Chronique d’un quartier de Rio providentiellement nommé la cidade de Deus, " La cité de Dieu " est en même temps un polar qui élucide la montée en puissance de la violence. La cité de Dieu, ce sont des centaines de jeunes durs qui chapardent, se heurtent à la police et font grimper les enchères de la délinquance. La favela s’arme, fait l’épreuve de la drogue, des gangs organisés et de l’éclatement de ses structures. Mille visages, mille portraits concourent à la compréhension de l’édifice monstrueux qui se met en place depuis les années 1960. Pour soutenir la chronique de ce microcosme, Fernando Meirelles s’appuie sur un scénario foisonnant, certes, mais à l’architecture parfaite. Chaque détail trouve sa place, et la masse romanesque impose peu à peu sa puissance.

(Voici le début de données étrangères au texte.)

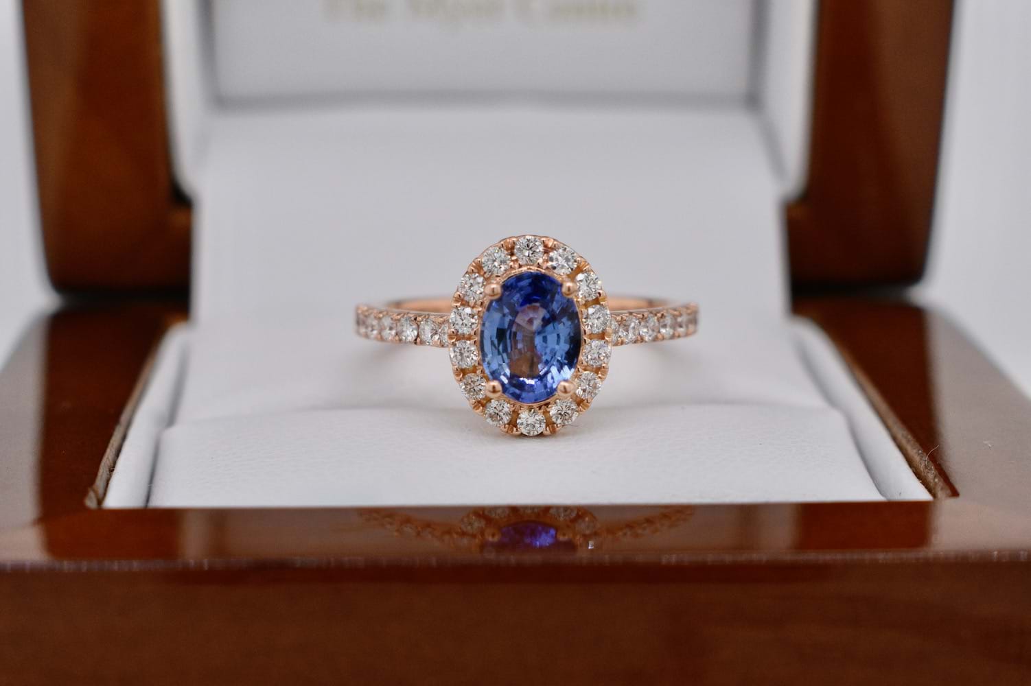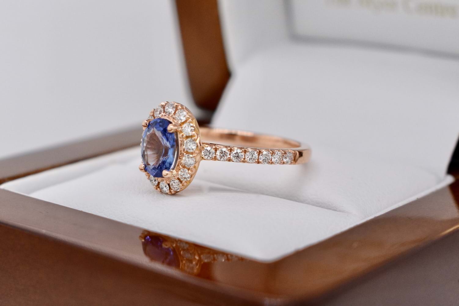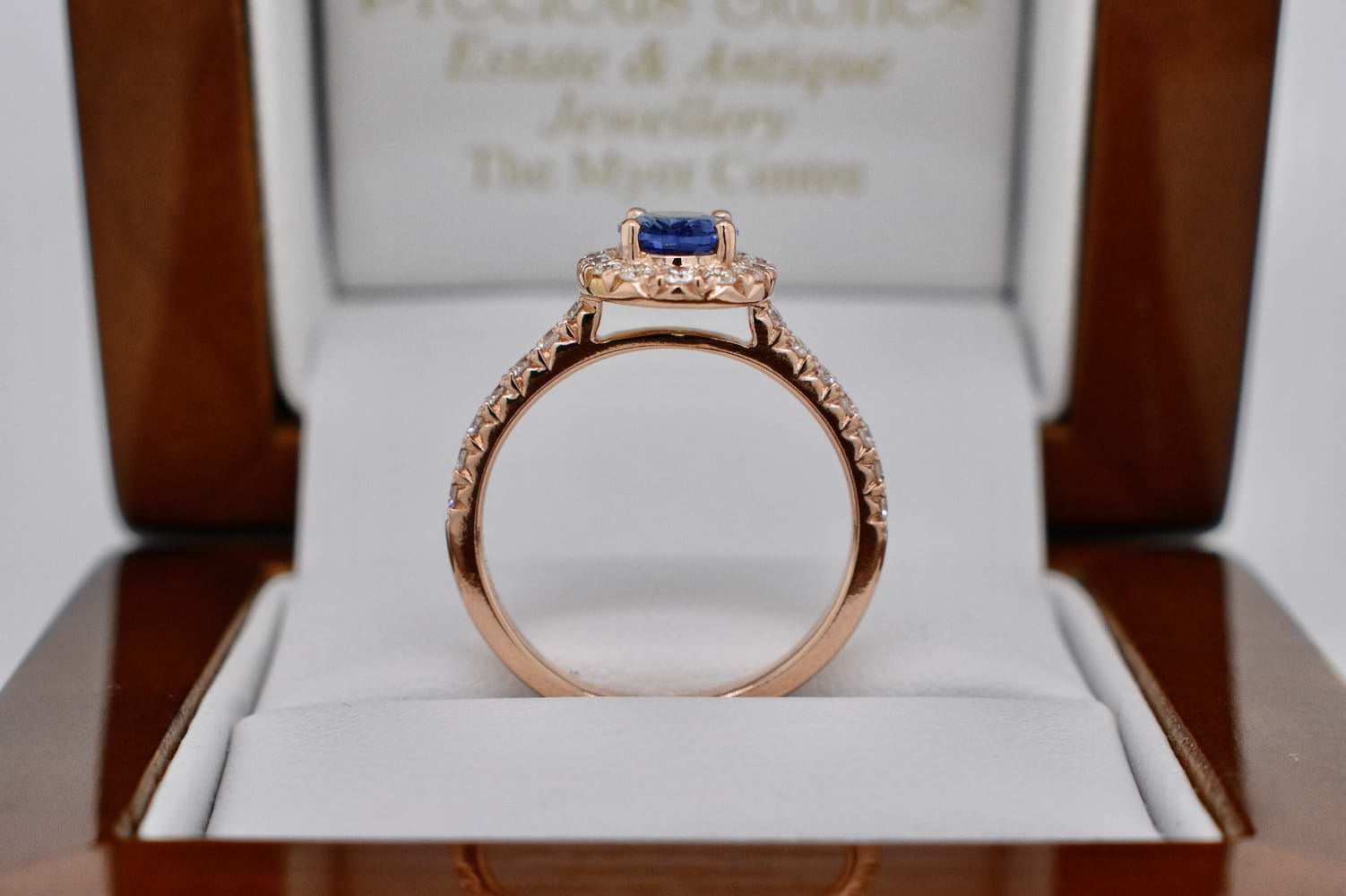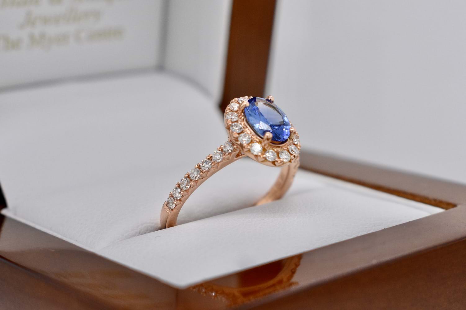 A beautiful and feminine 18ct rose gold sapphire and diamond engagement ring, designed in store alongside our clients. Seeking a Tanzanite center our design team suggested the stronger, more durable and practical alternative of sapphire, then sourcing our clients a range of Ceylon sapphires with a hue of colour reminiscent to the Tanzanite they had initially asked for. Upon seeing this beautiful 0.97ct Ceylon sapphire, the rest of the design fell into place with a single surround of shimmering diamonds and a continuation of diamonds set into the shoulders. Total diamond content equals 0.42cts. Independent Valuation Supplied.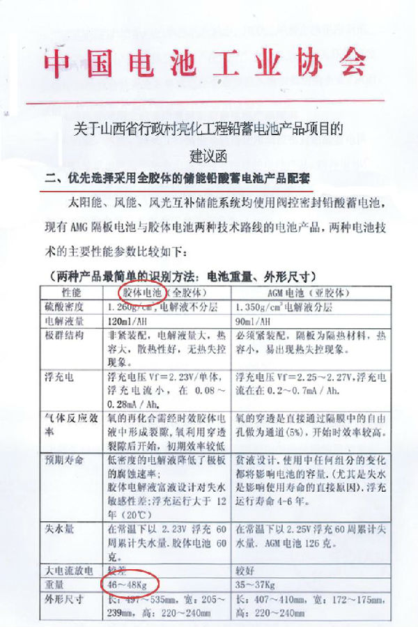 2013年7月8日,中國(guó)電池工業(yè)協(xié)會(huì)《關(guān)于山西省行政村亮化工程鉛蓄電池產(chǎn)品項(xiàng)目的建議函》中第二條,明確給出了膠體電池(全膠體)與AGM電池(亞膠體)的識(shí)別方法。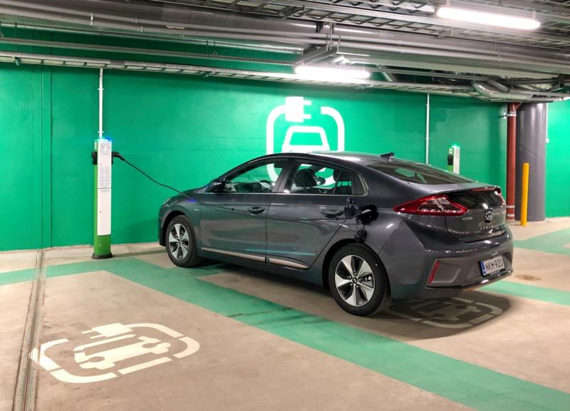 Hyundai Ioniq electric latautumassa kauppakeskus Redissä.

Fusée, le narrateur, vit dans la favela. Il observe le destin de ceux qui, au même âge que lui, choisissent la voie de la criminalité, suivant le chemin tracé par Tignasse et son gang. Petit Dè deviendra ainsi un vrai caïd, Béné voudra quitter le business, Manu tombeur y entrera par soif de vengeance. Un habile travail de flash-back permet au narrateur de dresser la généalogie de toutes ces vies, enchâssées les unes dans les autres. Et le récit se gonfle ainsi d’anecdotes, d’aventures et de crimes, pour parvenir jusqu’aux années 1980.
Trois décennies et des dizaines de personnages n’embrouillent pas le spectateur, tant Fernando Meirelles maîtrise son film. Le réalisateur joue avec la narration, entremêle voix off et effets-strombo, multiplie les flash-back, et s’amuse avec les styles cinématographiques : classique et coloré pour les années 60, funky et psychédélique pour les années 1970, monochrome et haletant pour la dernière décennie, celle du sang et de l’héroïne. L’occasion de souligner l’excellent travail du directeur de la photographie, César Charlone.

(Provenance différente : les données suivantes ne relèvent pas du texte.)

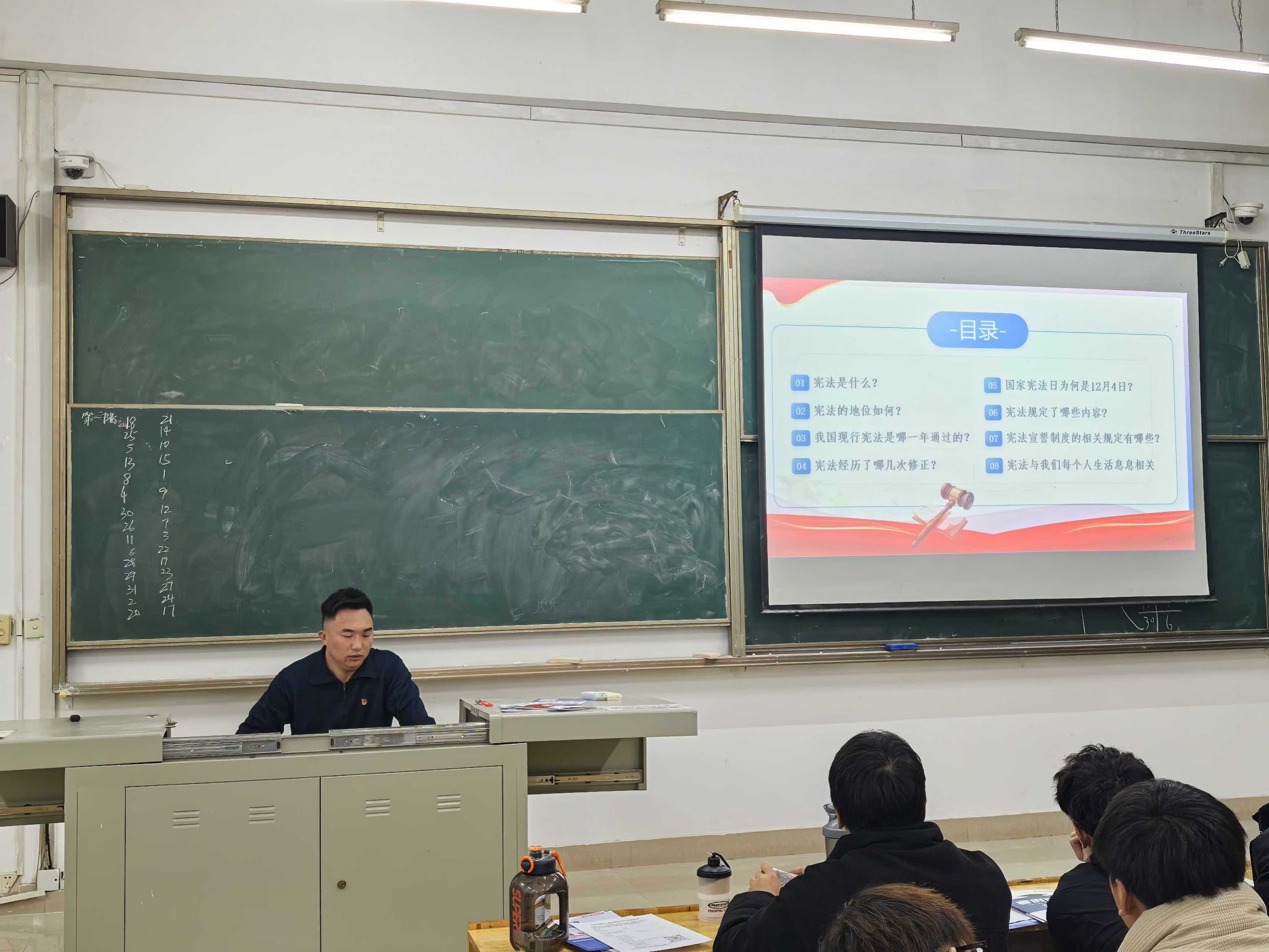 为让宪法知识入脑入心,学校通过多媒体平台,精心组织22级全体学生观看宪法知识科普视频。视频内容涵盖宪法的诞生背景、基本原则、核心内容等,将晦涩法条转化为通俗易懂的动画与案例解读,引得同学们目不转睛,沉浸其中。观影过程中,教室里不时传出小声讨论,大家针对公民基本权利、国家机构设置等重点内容交换看法,碰撞出思想火花。

L’inévitable violence de l’histoire n’est jamais traitée avec complaisance. Elle est soutenue par des visuels imaginatifs et par l’ingénieuse utilisation du personnage de Fusée, trop idéaliste pour se laisser tromper par le leurre de l’argent facile. Même s’il s’essaye à la maxime "l’honnêteté ne paye pas", ce garçon aime trop les hommes pour les flouer. Et c’est grâce à lui que le récit peut s’offrir des clins d’oeil chaleureux sur la vie dans la favela, ses habitudes et ses paradoxes.

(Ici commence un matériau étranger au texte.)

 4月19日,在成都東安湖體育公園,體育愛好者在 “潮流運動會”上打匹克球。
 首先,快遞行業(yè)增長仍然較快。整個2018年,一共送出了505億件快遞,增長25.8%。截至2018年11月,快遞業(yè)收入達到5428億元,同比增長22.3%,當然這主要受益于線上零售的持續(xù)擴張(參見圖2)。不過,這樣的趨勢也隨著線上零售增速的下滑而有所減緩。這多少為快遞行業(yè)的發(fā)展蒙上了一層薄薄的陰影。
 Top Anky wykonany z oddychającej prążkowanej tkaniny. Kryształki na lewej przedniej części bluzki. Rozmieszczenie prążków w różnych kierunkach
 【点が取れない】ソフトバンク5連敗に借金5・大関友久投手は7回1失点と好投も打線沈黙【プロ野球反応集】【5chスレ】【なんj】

Le récit de la saga criminelle vient dénoncer un cercle vicieux dont les jeunes des communautés marginales d’Amérique latine sont à la fois les victimes et les acteurs. Mais dont il est aussi possible de sortir. Cette "rédemption" sonne peut-être comme une facilité : elle justifie pourtant pleinement les vertus de cette fiction.